Here is the example code GPT provided me:
def extract_json_from_string(s):
start = s.find(‘[’)
end = s.rfind(‘]’) + 1
return s[start:end]

json_string = extract_json_from_string(response[“choices”][0][“message”][“content”])
playlist = json.loads(json_string)

This has worked every time and i’ll be using it from now on going forward!

OpenAI released Function calling which can directly get JSON object as output without us having to ask the model explicitly in the prompt.

Currently, only gpt-4-0613 and gpt-3.5-turbo-0613. support it.

2 Likes

I would like to thank everyone and try to help others who may need something similar, related to responses and response transformations in the “string>JSON” format.

To @bruce.dambrosio, thank you because it was through your post that I discovered Promptrix and AlphaWave (Alpha Wave’s automatic response repair in action - Community - OpenAI Developer Forum).

Regarding my experiences using responses and modifying responses (python + json + DB), what kept me going, in most cases, were splits or regex, and only recently did I decide to change two of the main codes I created and maintain (one of which I use for commercial purposes).

I am using the new gpt3.5 and gpt4 models (OpenAI Platform).
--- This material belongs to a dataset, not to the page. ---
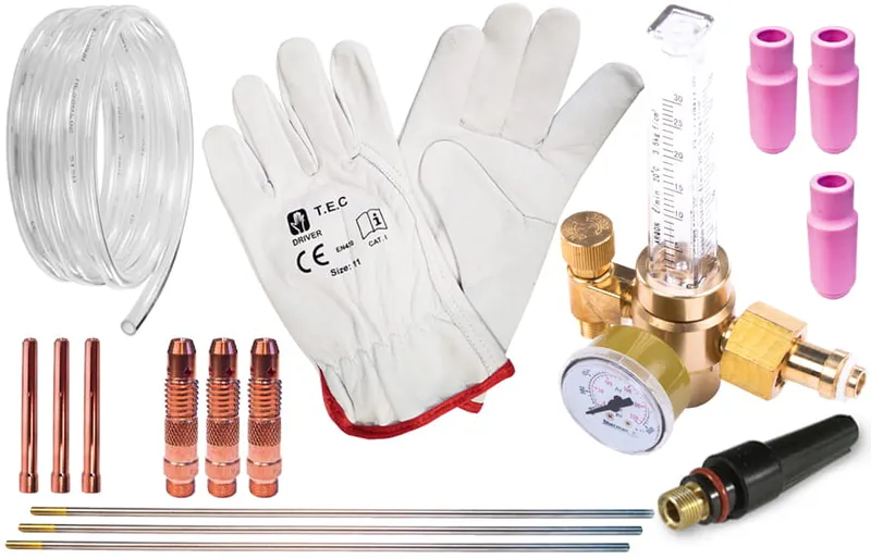 Zestaw osprzętu spawalniczego TIG do Aluminium, stali czarnej, nierdzewnej i kwasoodpornej. Zawiera niezbędne akcesoria takie jak: wysokiej klasy reduktor, wygodne i bezpieczne rękawiczki, elastyczny wężyk, oraz trwałe łączniki, elektrody, dysze i tulejki.

I haven’t been able to update with promptrix + alphawave yet, but I would love to have feedback if anyone is kind enough.

In any case, I revived the post and will soon share my results with promptrix.

@joseicarobc are you using the Python or JS versions of Promptrix+Alphawave? I’ve made a number of recent improvements to the JS versions but the Python version is a little lagging. AlphaWave is still pretty much state-of-the-art (in my opinion) with regards to improving the overall reliability of getting structured data back from the model.